New Normal: Gembalakanlah Domba-domba-KU!

Renungan Harian Misioner
Jumat, 29 Mei 2020
P. S. Paulus VI
Kis. 25:13-21; Mzm. 103:1-2,11-12,19-20ab; Yoh. 21:15-19

Sudah beberapa hari ini negeri kita sibuk dengan wacana new normal. Berbagai lini masa dihiasi dengan berita, opini dan diskusi tentang new normal life. Ada yang menyambutnya dengan penuh antusiasme sebagai pencerahan, tetapi ada juga yang nyinyir, acuh tak acuh, meragukan bahkan terkesan meremehkannya atau yang penting asal beda pendapat karena oposisi.

Pandemi Covid-19 tidak diketahui kapan akan berakhir. Para ahli pun sulit memprediksinya. Bisa jadi, kita akan hidup dengan pandemi ini sampai waktu yang cukup lama karena sampai saat ini belum ada tanda-tanda pasti penanggulangan atau penghentiannya. Semua pihak terkesan gamang dan bingung menghadapinya. Seolah-olah kita berjalan di dalam kegelapan. Dalam situasi seperti ini lalu muncul ingatan, “lebih baik menyalakan lilin kecil, daripada mengutuk kegelapan.” Tampaknya lilin kecil itu adalah new normal life. The new normal life adalah peristiwa iman!

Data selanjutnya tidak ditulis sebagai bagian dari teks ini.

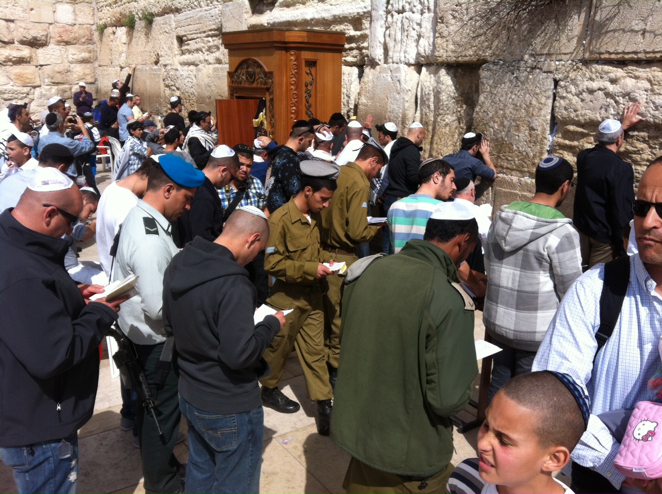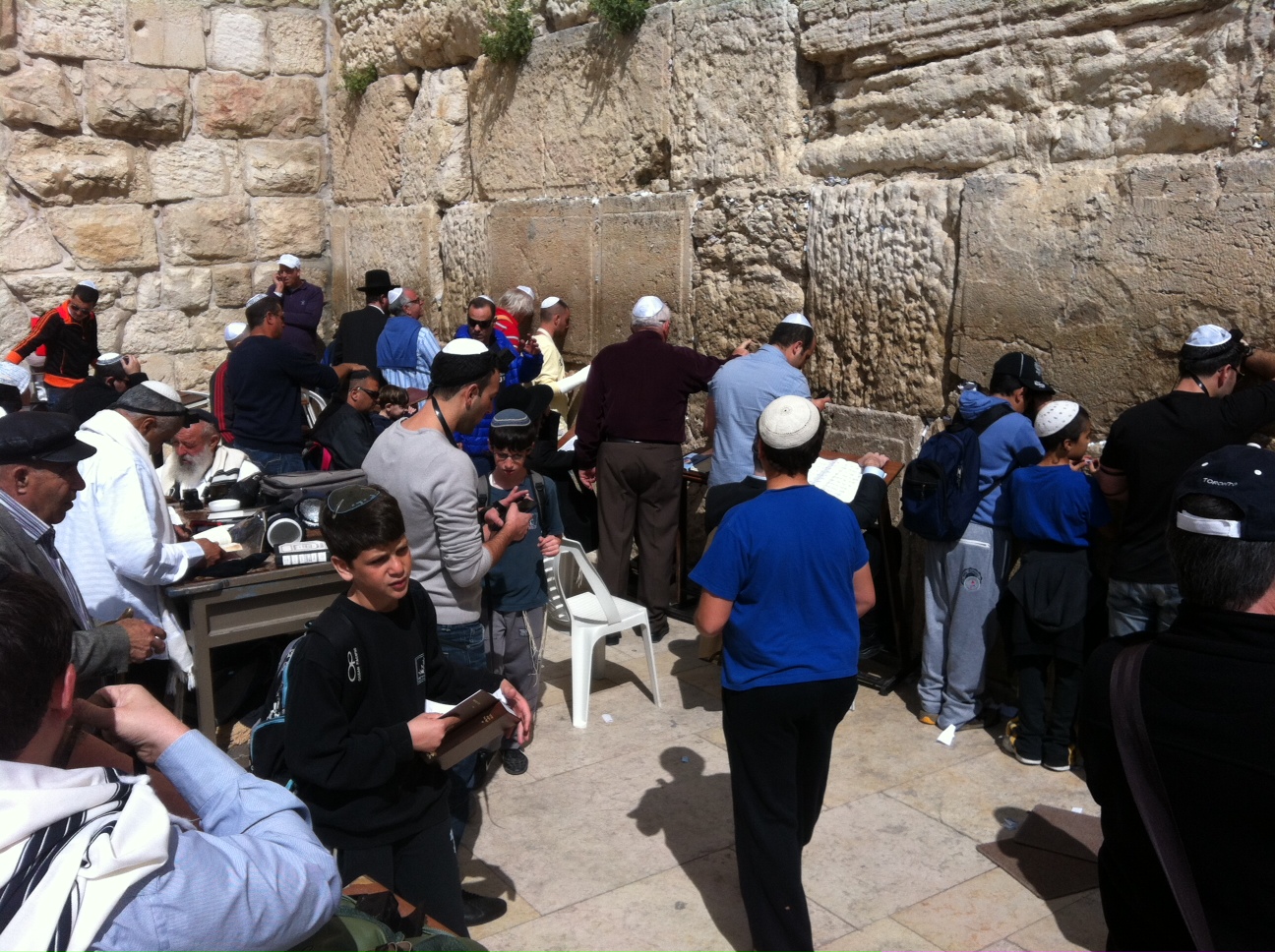 An der Klagemauer war an diesem Tage viel los, es gibt eine Eingangskontrolle ähnlich wie an Flughäfen.

Peristiwa kegelapan, kegamangan dan kebingungan inipun dialami oleh para murid sesudah Yesus tidak ada di antara mereka. Yesus, Guru dan Tuhan, yang diidam-idamkan dan diagung-agungkan para murid, yang diharapkan menjadi tumpuan hidup mereka wafat disalib dan meninggalkan mereka, lenyap dari antara mereka, naik ke surga. Situasi sungguh berubah. Situasi menjadi baru. Para murid harus berjalan dalam new normal life. Hidup baru tanpa kedekatan fisik Sang Guru dan Tuhan, yaitu Yesus Kristus. The new normal life itu ditandai dengan nyala api di atas kepala para murid, seperti digambarkan dalam peristiwa Pentekosta, hari turunnya Roh Kudus.

Ya, tinggal dua hari lagi kita merayakan Pentekosta, saat perayaan kedatangan Roh Kudus. Hari di mana kita mulai menghidupi the new normal life sebagai orang beriman baik dalam kehidupan religiositas kita sebagai orang Katolik maupun hidup sehari-hari sebagai warga masyarakat. Pertanyaan yang kemudian bisa muncul untuk permenungan kita adalah sudah cukup siapkah kita masuk ke dalam misteri Pentekosta untuk menerima Roh Kudus? Atau dengan lain kata, sudah siapkah kita menerima amanat perutusan menghidupi the new normal?

Kiranya inspirasi sabda hari ini bisa membantu kita untuk memantapkan diri dan hati untuk mencecap misteri Pentekosta – the new normal life itu.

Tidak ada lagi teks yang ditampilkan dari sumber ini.